NPPC-UK / ct_scanner_plotting

Plotting data from the microCT scanner
1 stars 0 forks source link

A more intelligent approach to filtering seeds? #1

Closed maxf130 closed 5 years ago

maxf130 commented 5 years ago

We should try to have a more intelligent approach to filtering seeds. We have tried:

Both of these approaches suffer from the problem of selecting the threshold. Just how close is implausible, just how large is implausible.

We should try:

maxf130 commented 5 years ago

I tried to implement a gaussian mixture model to predict whether a seed belongs to the set of pseudo seeds segmented at the beak, or the set of real seeds (see SHA: 18017ee5c64cc6949aef4de17eebccf9bb5b7760).
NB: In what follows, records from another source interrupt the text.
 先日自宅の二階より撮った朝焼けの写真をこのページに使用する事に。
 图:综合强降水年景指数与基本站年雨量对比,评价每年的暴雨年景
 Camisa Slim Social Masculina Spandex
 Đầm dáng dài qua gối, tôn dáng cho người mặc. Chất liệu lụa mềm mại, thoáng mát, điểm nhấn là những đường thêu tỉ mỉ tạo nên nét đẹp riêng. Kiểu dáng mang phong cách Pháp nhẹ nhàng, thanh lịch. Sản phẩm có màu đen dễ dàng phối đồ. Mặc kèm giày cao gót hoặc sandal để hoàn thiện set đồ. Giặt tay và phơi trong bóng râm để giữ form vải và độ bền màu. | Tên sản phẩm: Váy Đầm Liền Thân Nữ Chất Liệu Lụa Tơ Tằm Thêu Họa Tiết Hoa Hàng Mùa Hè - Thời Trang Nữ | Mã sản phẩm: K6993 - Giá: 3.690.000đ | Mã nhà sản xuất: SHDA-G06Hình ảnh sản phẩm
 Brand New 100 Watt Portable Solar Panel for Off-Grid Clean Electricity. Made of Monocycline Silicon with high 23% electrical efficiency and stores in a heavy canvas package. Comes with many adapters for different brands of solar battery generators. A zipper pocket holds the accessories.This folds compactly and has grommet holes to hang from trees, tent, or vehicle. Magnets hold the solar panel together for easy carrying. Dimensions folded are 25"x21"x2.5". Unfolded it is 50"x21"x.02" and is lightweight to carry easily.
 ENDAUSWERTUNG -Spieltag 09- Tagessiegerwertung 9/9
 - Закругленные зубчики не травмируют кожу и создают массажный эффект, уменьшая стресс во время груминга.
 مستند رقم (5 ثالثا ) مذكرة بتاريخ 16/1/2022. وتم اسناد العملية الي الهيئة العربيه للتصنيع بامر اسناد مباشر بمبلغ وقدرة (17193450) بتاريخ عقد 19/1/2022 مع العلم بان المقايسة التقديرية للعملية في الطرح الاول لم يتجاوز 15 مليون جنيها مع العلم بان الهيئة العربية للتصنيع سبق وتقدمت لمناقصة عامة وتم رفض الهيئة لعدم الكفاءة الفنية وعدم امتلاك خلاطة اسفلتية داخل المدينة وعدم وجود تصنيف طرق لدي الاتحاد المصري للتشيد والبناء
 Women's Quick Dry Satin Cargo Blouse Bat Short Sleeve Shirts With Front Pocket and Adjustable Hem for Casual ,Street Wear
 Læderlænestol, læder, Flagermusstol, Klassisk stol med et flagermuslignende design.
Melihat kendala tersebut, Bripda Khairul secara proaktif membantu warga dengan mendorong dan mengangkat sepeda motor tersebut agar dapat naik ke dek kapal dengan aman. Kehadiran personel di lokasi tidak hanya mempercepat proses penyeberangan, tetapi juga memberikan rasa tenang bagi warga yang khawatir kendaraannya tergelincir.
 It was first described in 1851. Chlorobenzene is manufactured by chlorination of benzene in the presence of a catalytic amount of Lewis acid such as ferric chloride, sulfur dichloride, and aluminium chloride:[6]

It did not work. Invariably lots of real seeds were classified as belonging to the set of pseudo seeds. Thinking about it, this is not surprising. The pseudo seeds are effectivly some noise around a point source (the tip of the beak). Treating them as belonging to a normal distribution is not unreasonable. The rest of the pod is however most certainly not gaussian. It is therefore quite unreasonable to expect this to ever work.

maxf130 commented 5 years ago

I think the gaussian mixture model approach failed because of the seeds of the pod are not normally distributed. It is more likely to be a uniform distribution specified by the bounds of the pod. We should try a more elaborate model. Sources of things segmented as seeds:

The model has some external relevant parameters:

And lots of parameters that are less interesting:

Vary the above parameters to maximise the fit of the model to the observed data (segmented seeds). There may not be enough seeds per pod to have enough resolution. In that case try the whole thing on the agregated data per plant or per genotype.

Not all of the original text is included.